Figure 5 ACF(A) and PACF(B) function diagram after first order difference.

Evaluate the Performance of the Model

The comparison with the actual data showed that the error between the actual data and the predictive value in all months (except for September) was less than 10%. The actual data of all months was included in the 95% confidence interval of the predictive value (Table 1), indicating the high prediction accuracy of the ARIMA model.

Table 1 Prediction of Tuberculosis Cases in Anhui from July to December in 2020

The Prediction of the Model

Using ARIMA to simulate and predict the monthly incidence of TB in 2021 and 2022, facilitating the understanding of trends in the incidence of TB (Table 2, Figure 6).

Table 2 Prediction Results of Monthly Incidence of Tuberculosis from January 2021 to December 2022

Figure 6 Prediction of tuberculosis incidence in 2021 and 2022 and 80% and 95% confidence intervals.

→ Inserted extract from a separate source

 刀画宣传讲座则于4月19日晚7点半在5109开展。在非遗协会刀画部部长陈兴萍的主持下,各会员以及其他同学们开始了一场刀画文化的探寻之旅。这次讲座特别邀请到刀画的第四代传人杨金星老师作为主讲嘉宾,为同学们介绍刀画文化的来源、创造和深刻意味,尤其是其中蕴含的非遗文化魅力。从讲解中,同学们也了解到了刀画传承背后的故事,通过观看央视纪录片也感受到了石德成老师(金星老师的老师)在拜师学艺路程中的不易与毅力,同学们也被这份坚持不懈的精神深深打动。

In 2015, the World Health Organization (WHO) approved the ambitious post-2015 global “End TB Strategy”19 with a goal of reducing TB incidence by 90% and TB deaths by 95% by 2035.20 Although the incidence of TB has decreased in recent years, China still has one of the highest TB infection rates in the world.21 Accurate prediction of TB incidence is crucial for policy makers to implement effective interventions and allocate health resources in a timely manner.22

In this study, we analyzed the distribution and epidemic trend of tuberculosis in Anhui Province from 2013 to 2020, describing the fitting, screening and verification process of ARIMA model, and using it to forecast the incidence tendency for the next two years.

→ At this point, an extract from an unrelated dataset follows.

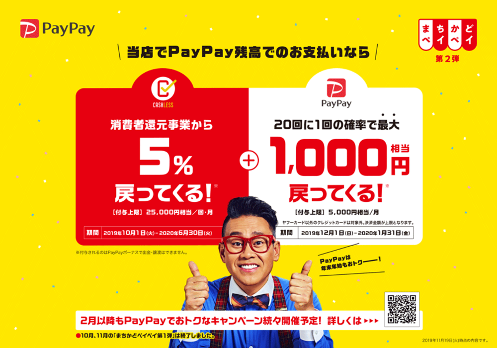 PayPay残高でのお支払いなら最大5%還元!

The results of this study show that the prevalence of tuberculosis in Anhui province has the following characteristics: First, the overall incidence of tuberculosis in Anhui province is decreasing, which is consistent with the overall national level and reports of other provinces and cities.23,24 One possible reason for this development is that relevant departments of Anhui Provincial government attach great importance to the elimination of the tuberculosis following the termination strategy by the World Health Organization, and formulated a regionally specific and applicable prevention and control plan for the province. This allowed significant progress in tuberculosis prevention and control. Second, significant seasonal variation, the peak occurs in late winter and early spring, and the reported cases showed an obvious trough in February every year, which is similar to the time distribution of TB in other parts of China.25 Seasonal fluctuations may be related to the traditional Chinese spring festival. Due to the influence of customs and habits, it is taboo to go to the hospital to see a doctor during the Spring Festival. The phenomenon of delayed treatment is obvious, leading to a low point in February, whereas the number of registered infections will gradually increase in March, forming the so called “Spring Festival effect”.26,27 Finally, there is a large number of elderly patients with low income and weaker physical fitness and resistance to tuberculosis than young people, who are the main susceptible population to tuberculosis.28 In addition, this study also found that about 70% of the tuberculosis patients in Anhui province were farmers, and most of the agricultural workers were in this age stage. Poor living conditions, malnutrition, low levels of education, and considerable economic burden, may account for the high incidence of pulmonary TB among farmers.29,30 With the improvement of living and medical standards, China’s average life expectancy has increased, and the aging of the population is becoming increasingly serious, so more effective interventions including active case detection and easy access to high-quality health care for the elder should be implemented. Such efforts will help reduce the TB epidemic in the future.31

The ARIMA model is a combination of an autoregressive model and a moving average model, which can analyze both nonseasonal and seasonal time series.32 In this study, ACF and PACF plots were drawn for the differential monthly incidence data of tuberculosis in Anhui Province, and the possible value ranges of each parameter of ARIMA (p,d,q) (P,D,Q) S model were preliminarily determined, and the best fitting model was further determined by the exhaust method. Compared with other similar studies that only selected an optimal model from several alternative models by the size of AIC value,33 this study use program operation instead of manual selection to ensure the accurate and rapid screening of the best model under the evaluation criteria of AIC. By verifying the prediction effect of the model with monthly tuberculosis incidence data from July to December 2020, the results showed that ARIMA (0,1,1) (0,1,1) 12 model was accurate in predicting the monthly incidence of tuberculosis in Anhui, with an average error rate of only 1.91%. It is suggested that ARIMA seasonal product model is feasible to predict the monthly incidence of pulmonary tuberculosis in Anhui Province.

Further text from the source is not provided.